Several years now I watched a fascinating and equally poignant movie entitled “Calvary” that almost no one even heard of.  It was a subtle “Christian” masterpiece if I must say, that was not even remotely billed as such, but that hammered the nails of its message right into the feet and hands of any who dared to receive it’s unwelcome and yet healing balm it offered us.   In one particular scene Father James Lavelle, played by Brendan Gleeson expresses to his daughter as they brisk about on an Irish seashore, that “I think there’s too much talk about sins and not enough about virtues”.  To which his daughter Fiona replies, “What would be your number one”?  Father Lavelle then readily replies, “I think forgiveness has been highly underrated”.  And later, for our conclusive purposes today, the movie then comically explains why the subject of death is such an awkward and unpopular dinner conversation aboard our various ships of obtuse fools, when it explains in particular wittiness, as the person simply called “the writer” says to Father LaVelle, “You know how you can tell you’re really getting old”? To which Father Lavelle says “No, How”?  To which the writer then retorts, “No one says the word ‘death’ around you anymore”?

And perhaps that explains it after all does it not?  You see the truth is, that the Outlaw preacher came to die because the world on its own terms both wouldn’t and couldn’t, without some cosmic divine intervention. It was indeed an experiment already tried for quite some time and was found wanting, and still very much is.  In fact, Paul reminds us in 1 Corinthians 13, the love chapter, that in describing the virtue at its core, it is; or rather should be, the ability to be willing to be “defrauded” at times, and to even “suffer wrong”, to which is oftentimes the real “one-two punch” to the gut of our eternal unwillingness to budge in our relationships, when quite frankly; someone almost always has to be the one who is willing to, well…die.

But the bruised reed from Bethlehem came in by stealth quite cleverly, and fooled the world in a constant mad dash to always incessantly fight to be #1, and to stoically never let anyone else see them sweat, so help them god.  And while we are dead set on living and winning still, He turned the world upside down by cruciform losing, which is why many today call him Lord; yet sadly wear his statement of “deathful” winning around their necks, rather than as a quite regular mantra as to how we all should actually seek to live.  And as a result, the talk of death on the ship of obtuse fools still makes for a most awkward dinner conversation.

Selah

2 Comments

  1. Tiffany Hicks

    Good “food for thought”. Dying to self is such a hard concept for us all…putting someone else’s needs before our own is definitely not natural.
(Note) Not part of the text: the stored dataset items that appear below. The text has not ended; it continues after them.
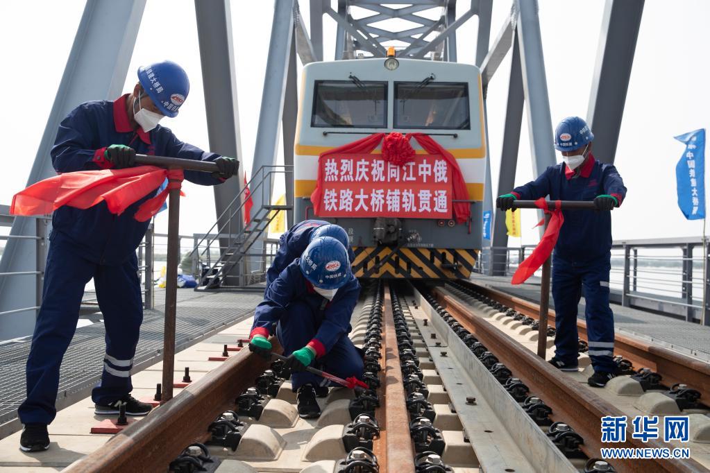 当日,在同江中俄黑龙江铁路大桥施工现场,中俄两国准轨接口最后一组轨道夹板安装完成,标志着中俄两国首座跨江铁路大桥——同江中俄黑龙江铁路大桥实现铺轨贯通,为大桥全线开通运营奠定了坚实基础。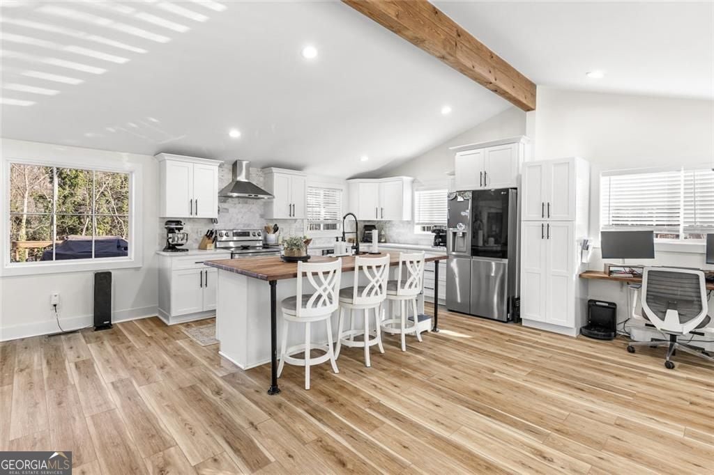 - Interior FeaturesBeamed Ceilings, High Ceilings, Vaulted Ceiling(s), Walk-In Closet(s)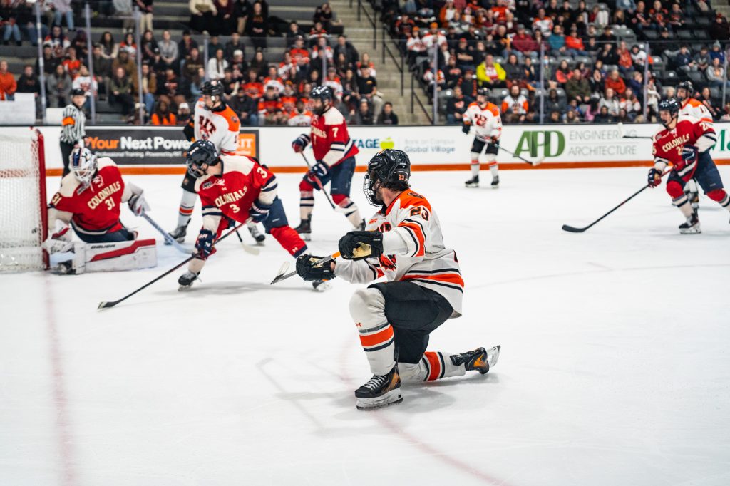 The Colonials (4-14-2, 4-7-1) scored the only goal in Saturday’s first period, with freshman Bruce McDonald swatting home a rebound at 18:13.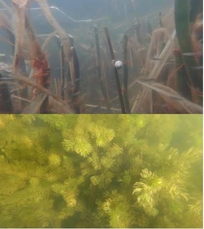 ▲治理區(qū)自然生長的狐尾藻、蘿卜螺Dxk新型光催化網(wǎng)_水庫治理_河道治理_水生態(tài)修復(fù)_水環(huán)境治理與修復(fù)_江蘇雙良環(huán)境科技有限公司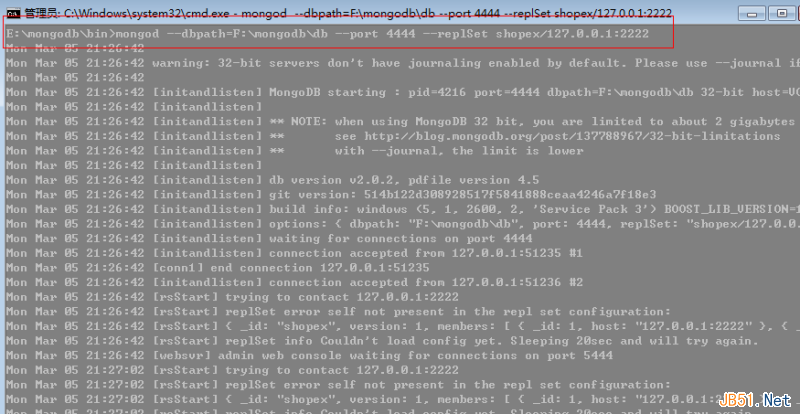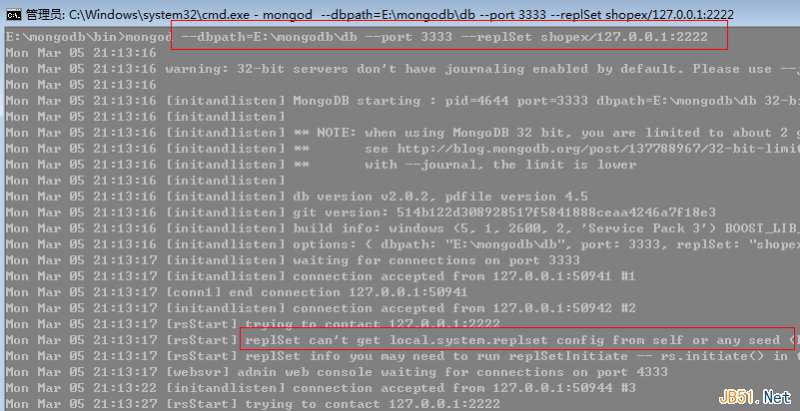 第三步: ok,看看上面的日志紅色區域,似乎我們還沒有做完,是的,log信息告訴我們要初始化一下“副本集“,既然日志這么說,那我也就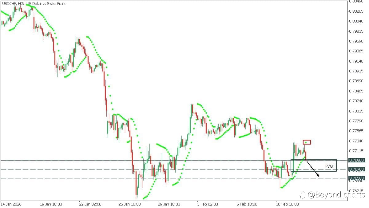 USDCHF – Bearish Setup Developing USDCHF is showing signs of weakness, with price approaching a potential break below the imbalance zone. 📉 Technical Signals Parabolic SAR has flipped bearish, si...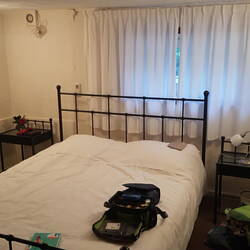 Hier staat een heerlijk bed en eigen sanitair tot onze beschikking en worden we onthaald met koffie en een uitgebreid gesprek. Nu zo lekker slapen en morgen weer vroeg op. Trusten xxx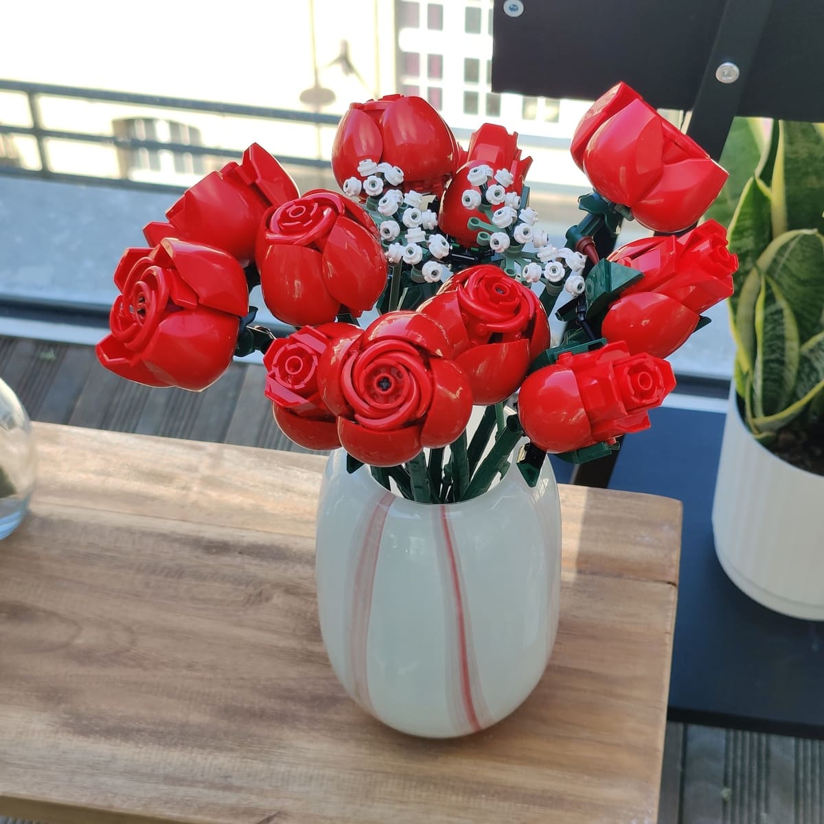 Quelques photos du joli set LEGO Icons 10328 Bouquet of Roses (59,99€) disponible depuis le 1er janvier 2024, et qui existe aussi en rose depuis le 1er octobre 2025 sous la référence LEGO Botanicals 10374 Bouquet of Pink Roses (59,99€ aussi).

Honestly, I think the older we get, the more we start to think about death, and by proxy, just maybe we start to think about “dying to self”. Or maybe it comes through life experiences? Or, for some, maybe it never crosses their minds at all? I know I have a whole new insight into what dying to self is in my new marriage. Probably because my hubby is better at it than I am! 🙂 Thanks for sharing your insights!